The overall goal of statistical learning is to identify a learning method to estimate f. In general, there are two approaches: parametric and non-parametric. Parametric approaches assume the relationship between X and Y takes on a particular functional form. For example, we may assume the relationship between a particular variable and some outcome is linear. In this case, we can assume the relationship between X and Y will take the following form


f(X)=βo + β1X1 + β2X2 + ... + βpXp

Where β0, β1, ..., βp are model parameters that must be estimated from training data. This approach is referred to as parametric since it reduces the problem of estimating f down to one of estimating a set of parameters (β0, β1, ..., βp).

In contrast to parametric methods described above, non-parametric methods do not make assumptions about the functional form of f. This may be advantageous in cases where our assumption about the relationship between X and Y is badly off. However, by not making assumptions about the funcitonal form of f, a larger number of observations is typically reuiqred to accurately estiamte f comapred to parametric methods.

Model Accuracy and Model Bias

Some of methods used to model the relationship between X and Y may be less flexible (e.g. a simple linear model) while others may be highly flexible (e.g. cubic splines). Models that are highly flexible can take on a variety of shapes and can model more complex relationship between X and Y (i.e. non-linear relationships). Depending on the context, less flexible models may be preferable over more fexible models since they are usually easier to interpret and are more useful for making inference between X and Y.

Supervised and Unsupervised Learning

Most statistical learning problems can be classified as either supervised or unsupervised problems. Supervised learning problems arise when both the dependent (Y) and independent (X) variables are observed. We then model the relationship between X and Y by estimating f with the intention of accurately predicting Y or to better understand the relationship between X and Y.

Unsupervised learning problems arise when we only observe the independent variable X and not Y. It is referred o as unsupervsed learning since we do not have the independent variable, Y, to supervise our analysis. Cluster analysis is an example of an unsupervised learning technique in which we try to uncover patterns within the data by clustering observations on the basis of X.

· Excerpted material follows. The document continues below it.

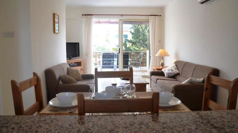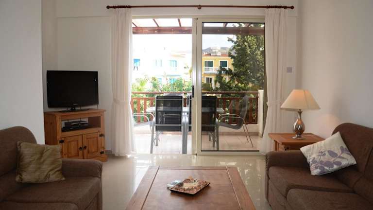 Das klimatisierte Apartment Saskia bietet zwei separate Schlafzimmer, ein Wohnzimmer mit Sofas und TV, eine voll ausgestattete Küche mit Esstisch und einen Balkon mit Blick auf das Dorf. Zur Ausstattung gehören auch eine Waschmaschine und ein Bügeleisen. Die Unterkunft bietet alles, was Sie für einen komfortablen Aufenthalt benötigen.
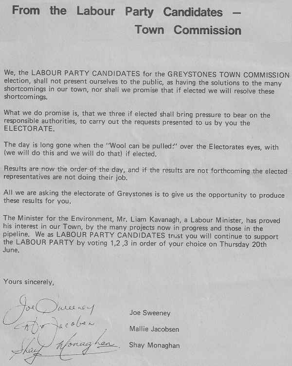 From the 1985 election for Greystones Town Commission a Letter to voters from Labour candidates Joe Sweeney, Mallie Jacobsen and Shay Monaghan.

Regression Versus Classification

Just as most statistical learning problems can be organized as either supervised or unsupervised; we can further categorize most problems as either regression or classification problem. Regression problems arise when the dependent variable, Y, takes on a quantitative value (e.g. length of stay). Classification problems typically arise when the dependent variable takes on qualitative values (e.g. patient experiences cardiac event in the next 10 years as either yes/no). However, the distinction between regression and classification is not always clear as is the case when estimating risk or the probability of some event happening in the future.

References

1. Hastie T, Tibshirani R, Friedman J. The Elements of Statistical Learning. New York, NY, USA: Springer New York Inc.; 2001. (Springer Series in Statistics).